# Self Sufficiency/Living off the Land or Off the Grid > Gardening >  Long-term food storage

## UnknownWarrior

Does any of you store food / ration for an year or so? What foods do you store and how?

----------


## Rick

UW - There is a religious organization here in the States called the Latter Day Saints. They are also referred to as Mormans. Part of their teaching is the storage of a years worth of food supplies. You can use their calculator to determine how much and what type of food you need for a year. Just plug in how many folks aged 7 and older you have and how many children younger than 7 years old are in your household then click on calculate. 

http://lds.about.com/library/bl/faq/blcalculator.htm

----------


## UnknownWarrior

> UW - There is a religious organization here in the States called the Latter Day Saints.
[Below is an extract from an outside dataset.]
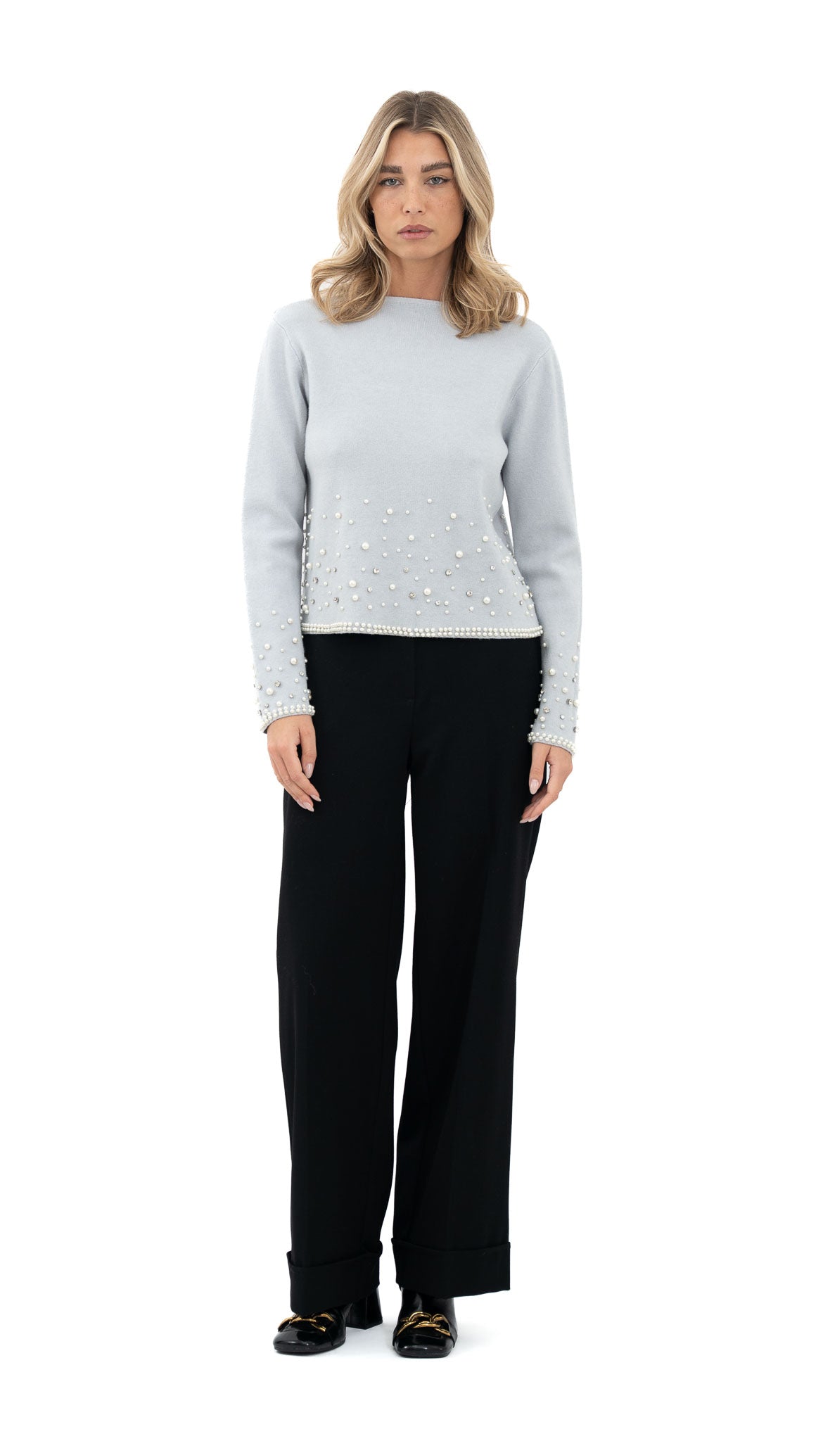 Crne hlače ravnog kroja sa manžetom. Izrađene od lagane viskoze koja osigurava udobnost i profinjen izgled tijekom cijelog dana.

They are also referred to as Mormans. Part of their teaching is the storage of a years worth of food supplies. You can use their calculator to determine how much and what type of food you need for a year. Just plug in how many folks aged 7 and older you have and how many children younger than 7 years old are in your household then click on calculate. 
> 
> http://lds.about.com/library/bl/faq/blcalculator.htm


Very nice food calculator. I'm amaZed at your knowledge, Rick. Thank you.

----------


## Chris

Winter squash can keep a year on a shelf in a cool dark room.

Canned preserves can keep for over a year as well.

I do both.

----------


## UnknownWarrior

> Winter squash can keep a year on a shelf in a cool dark room.
> 
> Canned preserves can keep for over a year as well.
> 
> I do both.


I'd really like to do canning for some fruits, tomatoes, spinach (I think it's the one veggie full of almost all minerals and nutrients you need - I've lived on spinach+rice for over a month) etc. But I am a total a newbie in this. I have some good sites to read yet but one small question - is it possible to use metal containers for canning since glass jars are fragile.

----------


## crashdive123

While you do run the risk of breaking the jars, IMO they are a better option for canning (at least for me).  I can see the food.  It is relatively easy to do.  The jars (not the lids) can be used over and over again.  Additionally the specialized equipment to do retort canning can be expensive and space consuming.  They may make small units - I'm just not aware of any if they do.

----------


## UnknownWarrior

Somewhere I had read about tins used for canning, I think on Wikipedia. Do they last as long as glass jars?

----------


## crashdive123

UW - I'm not sure about the shelf life of home canned items in a can vs a jar.  I know that commercially canned (cans) can (sorry for so many cans) be viable for a long time.

----------


## pocomoonskyeyes

> UW - I'm not sure about the shelf life of home canned items in a can vs a jar.  I know that commercially canned (cans) can (sorry for so many cans) be viable for a long time.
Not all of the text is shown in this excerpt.